Results: cDC1s were rarely present in normal kidneys. Their number increased significantly in ATN and proliferative GN, proportionally much more than CD1c⁺ DCs. cDC1s were mainly found in the interstitium, except in lupus nephritis, pauci-immune GN and anti-GBM disease, where they were prominent in glomeruli and peri-glomerular regions. The number of cDC1s correlated with disease severity in ATN, number of crescents in pauci-immune GN, interstitial fibrosis in IgA nephropathy and lupus nephritis, as well as prognosis in IgA nephropathy. The number of CD8⁺ T cells also increased significantly in these conditions and cDC1 number correlated with CD8⁺ T cell number in lupus nephritis and pauci-immune GN, with many of them closely co-localized.

Conclusions: cDC1 number correlated with various clinic-pathological features and prognosis reflecting a possible role in these conditions. Their association with CD8⁺ T cells suggests a combined mechanism in keeping with the results in animal models.

Introduction

Dendritic cells (DCs) are the central orchestrators of effective immunity.

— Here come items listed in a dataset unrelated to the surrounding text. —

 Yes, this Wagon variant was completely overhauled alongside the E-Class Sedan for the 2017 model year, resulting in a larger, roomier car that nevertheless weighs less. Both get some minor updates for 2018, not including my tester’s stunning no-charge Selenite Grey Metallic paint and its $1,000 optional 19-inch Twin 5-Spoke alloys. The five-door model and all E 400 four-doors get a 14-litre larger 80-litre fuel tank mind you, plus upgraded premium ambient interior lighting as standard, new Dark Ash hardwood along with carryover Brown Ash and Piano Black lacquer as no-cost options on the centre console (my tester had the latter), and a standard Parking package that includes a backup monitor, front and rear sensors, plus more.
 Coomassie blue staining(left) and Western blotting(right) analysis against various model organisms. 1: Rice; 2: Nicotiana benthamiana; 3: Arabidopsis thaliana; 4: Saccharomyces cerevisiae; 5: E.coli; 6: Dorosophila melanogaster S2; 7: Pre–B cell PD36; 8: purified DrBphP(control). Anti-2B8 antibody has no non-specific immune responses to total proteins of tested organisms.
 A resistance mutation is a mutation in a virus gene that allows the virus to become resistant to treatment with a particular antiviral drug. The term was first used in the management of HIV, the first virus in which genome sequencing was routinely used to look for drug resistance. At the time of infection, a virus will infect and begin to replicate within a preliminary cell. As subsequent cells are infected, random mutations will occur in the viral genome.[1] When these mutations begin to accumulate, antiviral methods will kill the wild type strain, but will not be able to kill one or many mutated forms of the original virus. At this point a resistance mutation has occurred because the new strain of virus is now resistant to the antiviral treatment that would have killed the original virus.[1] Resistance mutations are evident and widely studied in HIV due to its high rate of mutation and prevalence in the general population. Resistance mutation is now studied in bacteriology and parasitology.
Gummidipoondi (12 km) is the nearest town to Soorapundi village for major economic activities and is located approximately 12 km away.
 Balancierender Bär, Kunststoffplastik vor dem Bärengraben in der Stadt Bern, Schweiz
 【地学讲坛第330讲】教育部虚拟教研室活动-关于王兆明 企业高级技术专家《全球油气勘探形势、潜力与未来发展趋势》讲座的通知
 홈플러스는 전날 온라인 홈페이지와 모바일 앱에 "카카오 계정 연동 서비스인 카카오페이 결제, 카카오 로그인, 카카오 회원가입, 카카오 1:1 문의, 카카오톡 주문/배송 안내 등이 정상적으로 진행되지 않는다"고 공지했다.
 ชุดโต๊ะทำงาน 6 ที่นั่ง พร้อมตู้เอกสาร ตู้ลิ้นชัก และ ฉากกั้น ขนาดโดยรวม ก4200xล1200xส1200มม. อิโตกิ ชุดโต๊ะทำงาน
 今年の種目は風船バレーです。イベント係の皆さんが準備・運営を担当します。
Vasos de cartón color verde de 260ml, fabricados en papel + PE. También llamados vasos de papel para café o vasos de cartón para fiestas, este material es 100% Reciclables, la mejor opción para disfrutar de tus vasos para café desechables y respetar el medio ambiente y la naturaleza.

These cells are heterogeneous and can be divided into distinct subsets based on their phenotype and function. Dendritic cells can be broadly categorized into plasmacytoid DCs (pDC) and conventional DCs (cDC). cDC consists of two major subsets: cDC1 (CD141⁺ DCs in humans and CD103⁺ or CD8α⁺ DCs in rodents) and cDC2 (CD1c⁺ DCs in human and CD11b⁺ DCs in rodents) (1). cDC1 were discovered first in mouse and then in humans and are characterized by their superior ability to phagocytose necrotic cells through damage-associated molecular pattern (DAMP) receptor Clec9A and to cross-present to CD8⁺ T cells. In contrast, cDC2s are effective CD4⁺ T cell activators but inferior at CD8⁺ T cell activation (2).

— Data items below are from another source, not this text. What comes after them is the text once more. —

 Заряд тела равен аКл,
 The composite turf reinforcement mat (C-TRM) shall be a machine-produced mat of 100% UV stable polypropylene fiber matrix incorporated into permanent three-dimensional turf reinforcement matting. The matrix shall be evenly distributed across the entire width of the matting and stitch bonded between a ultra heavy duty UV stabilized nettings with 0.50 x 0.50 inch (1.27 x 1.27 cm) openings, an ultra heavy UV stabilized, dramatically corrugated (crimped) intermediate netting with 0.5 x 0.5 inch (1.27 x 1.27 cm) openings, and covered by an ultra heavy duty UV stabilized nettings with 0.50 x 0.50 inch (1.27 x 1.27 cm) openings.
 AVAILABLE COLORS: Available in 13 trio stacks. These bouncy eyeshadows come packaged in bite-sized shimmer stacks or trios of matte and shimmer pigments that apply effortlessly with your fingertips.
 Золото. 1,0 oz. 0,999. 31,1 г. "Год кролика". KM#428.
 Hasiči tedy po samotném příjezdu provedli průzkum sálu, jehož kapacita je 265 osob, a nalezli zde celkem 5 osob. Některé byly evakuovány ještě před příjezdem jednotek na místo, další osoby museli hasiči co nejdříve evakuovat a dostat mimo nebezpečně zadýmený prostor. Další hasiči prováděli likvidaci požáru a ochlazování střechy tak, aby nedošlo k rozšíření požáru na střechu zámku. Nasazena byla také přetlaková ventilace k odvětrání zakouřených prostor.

DCs have been studied in human kidney disease and their number was found to be increased in glomerulonephritis (GN) (3, 4). After the discovery of cDC1, accumulating animal studies have shown that they play a pivotal role in kidney diseases, such as in adriamycin nephropathy and crescentic GN, through interaction with T cells (5–8). However, such studies are lacking in human kidney disease, with only one study demonstrating increased numbers of cDCs in GN (9). We conducted this study to provide analysis of the key cDC subsets, cDC1 and cDC2, in a wide range of human kidney diseases including non-glomerular diseases [acute tubular necrosis (ATN), acute interstitial nephritis (AIN)], proliferative GN (IgA nephropathy, lupus nephritis, pauci-immune GN, anti-GBM disease), non-proliferative GN (minimal change disease (MCD), membranous nephropathy) and diabetic nephropathy. We found cDC1s to be significantly correlated with pathological features including severity of ATN, crescent formation in pauci-immune GN and interstitial fibrosis in immune-mediated GN. In addition, consistent with their specialized ability to activate CD8⁺ T cells in animal models, we also demonstrated their correlation with CD8⁺ T cells in these samples. These findings provide an impetus to explore new therapeutic targets that manipulate these cells for treatment of kidney diseases.

Material and Methods

Patients and Tissue Samples

The study was conducted in accordance with principles of the Declaration of Helsinki and was approved by the Human Research Ethics Committee of the Western Sydney Local Health District. Informed patient consent was obtained.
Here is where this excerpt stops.